**WORK TO COMPLETE:** What is the number of lines in the data that contain "with"? Nothing besides that number, please.

══ DATA IN THIS EXERCISE ══

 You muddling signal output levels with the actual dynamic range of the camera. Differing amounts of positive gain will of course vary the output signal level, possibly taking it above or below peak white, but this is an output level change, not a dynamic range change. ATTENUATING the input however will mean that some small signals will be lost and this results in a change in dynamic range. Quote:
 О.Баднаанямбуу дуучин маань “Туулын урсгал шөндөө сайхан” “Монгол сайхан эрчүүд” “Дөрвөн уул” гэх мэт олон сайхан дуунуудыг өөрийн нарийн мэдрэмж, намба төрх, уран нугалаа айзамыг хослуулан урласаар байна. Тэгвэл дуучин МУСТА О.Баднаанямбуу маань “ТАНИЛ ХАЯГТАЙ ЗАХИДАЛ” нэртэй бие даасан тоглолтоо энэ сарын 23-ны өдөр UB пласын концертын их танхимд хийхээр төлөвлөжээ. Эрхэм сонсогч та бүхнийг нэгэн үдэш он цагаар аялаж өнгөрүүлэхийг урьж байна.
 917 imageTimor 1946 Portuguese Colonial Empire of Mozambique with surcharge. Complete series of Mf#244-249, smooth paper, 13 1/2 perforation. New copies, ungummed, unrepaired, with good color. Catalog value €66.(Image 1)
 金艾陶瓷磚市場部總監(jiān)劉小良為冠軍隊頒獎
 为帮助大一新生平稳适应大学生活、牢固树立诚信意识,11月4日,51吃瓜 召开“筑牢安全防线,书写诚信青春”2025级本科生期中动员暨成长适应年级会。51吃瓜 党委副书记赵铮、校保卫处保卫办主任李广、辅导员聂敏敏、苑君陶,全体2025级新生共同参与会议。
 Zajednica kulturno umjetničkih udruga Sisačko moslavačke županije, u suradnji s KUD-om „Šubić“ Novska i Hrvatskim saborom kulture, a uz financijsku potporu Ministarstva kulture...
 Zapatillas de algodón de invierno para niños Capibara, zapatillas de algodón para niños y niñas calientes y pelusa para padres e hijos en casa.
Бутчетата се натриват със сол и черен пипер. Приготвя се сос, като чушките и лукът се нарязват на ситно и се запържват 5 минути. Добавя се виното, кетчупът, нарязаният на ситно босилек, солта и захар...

═══

**ANSWER BELOW:** 2